OSS contribution without installing a compiler

At $WORK we use Kubernetes and Vault and we are considering using vault-crd to turn Vault paths into Secret resources in our cluster for certain applications.

I helped evaluate it and I found a couple of bugs which I created github issues for. I really wanted to try the new versioned secret engine because it was similar to a home-grown app configuration system we had written. I enabled the versioned engine on a new path in our Vault cluster and tried out some examples with vault-crd. No matter what I did, I could not make it work.

Fully expecting that I was doing something wrong I dug into the Java code just to have a look. After a bit I found some code that definitely seemed to be doing the wrong thing. I’m not a Java programmer normally so I did not have the full complement of IDEs and compilers on my laptop. I remembered repl.it and created a new Java session. I added analog versions of the methods I wanted to change in the ‘Hello World’ sample and tweaked them until they worked.

Next I forked the repo and made the same changes to the original code. Luckily it had a Dockerfile so I built it locally and pushed up an image to our internal registry. I changed the CRD .yaml to use this new image and 💥 it worked! I made a pull request to the original repo and it was merged.
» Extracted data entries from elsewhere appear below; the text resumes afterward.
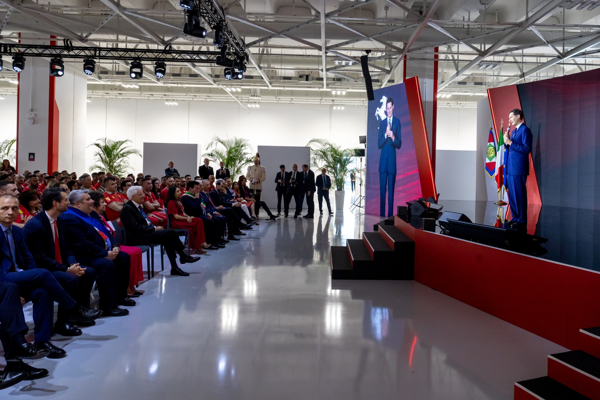 Alla cerimonia di inaugurazione, il Presidente della Repubblica Italiana Sergio Mattarella ha presenziato insieme al Presidente di Ferrari John Elkann, al Vice Presidente Piero Ferrari e all'Amministratore Delegato Benedetto Vigna. Questo evento ha segnato l'inizio di una nuova era per Ferrari, poiché l'e-building sarà il luogo in cui nasceranno vetture con ogni tipo di motorizzazione: termica, ibrida ed elettrica.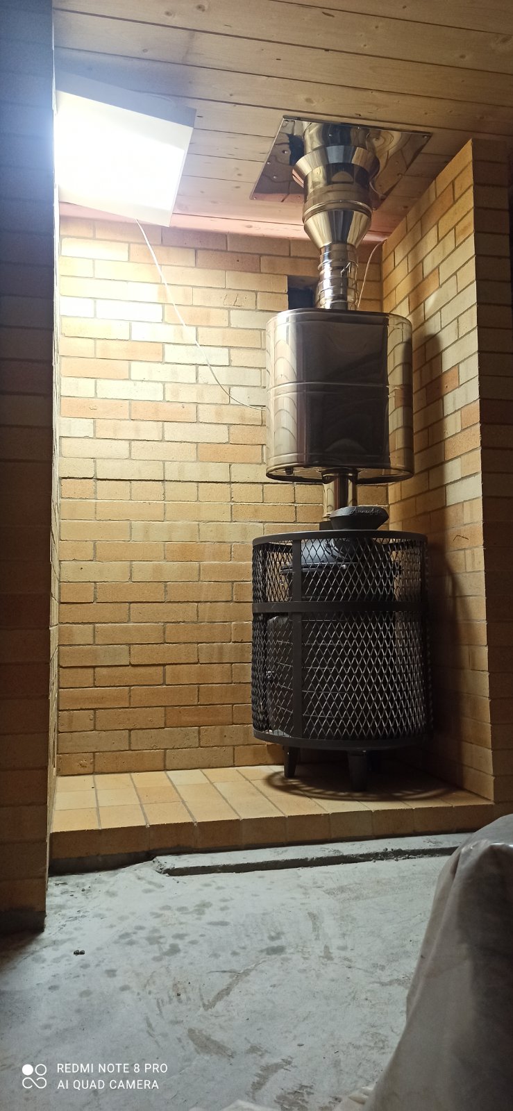 Монтаж печи Атмосфера, установка дымохода, кладка портала с конвекционными дверками.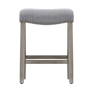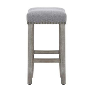 Ideal for your kitchen and home bar, this 24 Inch stool will bring you style and comfort with its well-cushioned saddle upholstered seat. Crafted from high quality solid rubberwod, this bar stool boasts an undestated craftsmanship that makes it perfect for your kitchen, dining room, or bar area. Designed with comfort in mind, indulge yourself in the bar stool’s high denisty foam cushioning. Featuring a linen seat, polished bronzechrome nail head trim, and antique gray stained wood legs with perfectly placed footrest.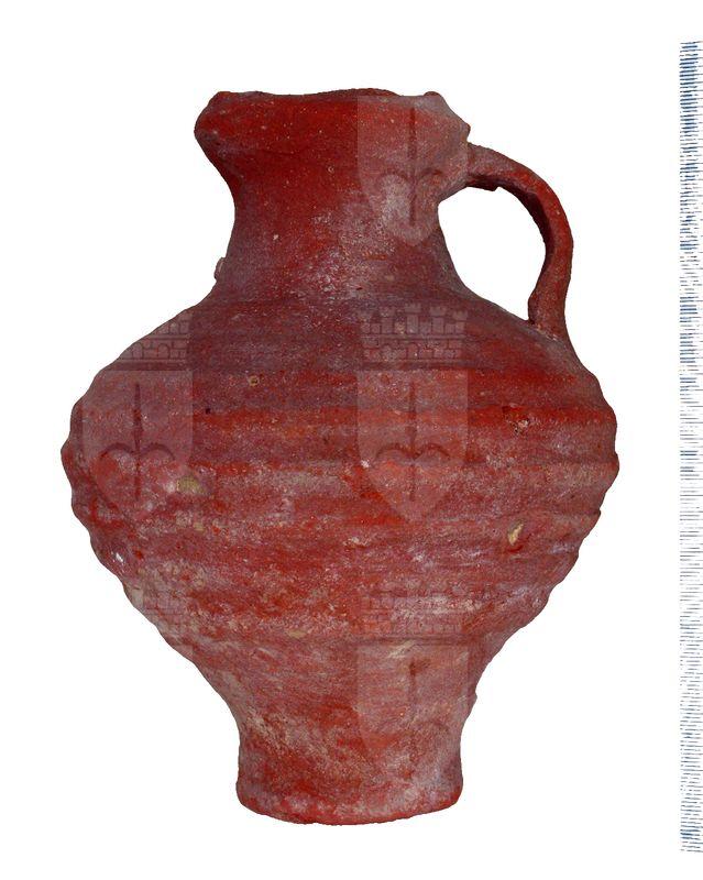 Piccola olpe n argilla grezza con piede leggermente allargato, corpo biconico decorato da scanalature sul ventre e con una piccola ansa a nastro; orlo leggermente proteso a formare un beccuccio.

To me this is the beauty of containers and Kubernetes. I was able to make a fix to some software and I did not have to install any of the associated tooling. Then I was able to try it for my use case because Kubernetes gives me a standardized way to run apps. Last year I bought an old Thinkpad to use for development and I try to use docker containers for little utilities that I write or install. It can be a pain and I don’t do it for everything but I really like the isolation it provides.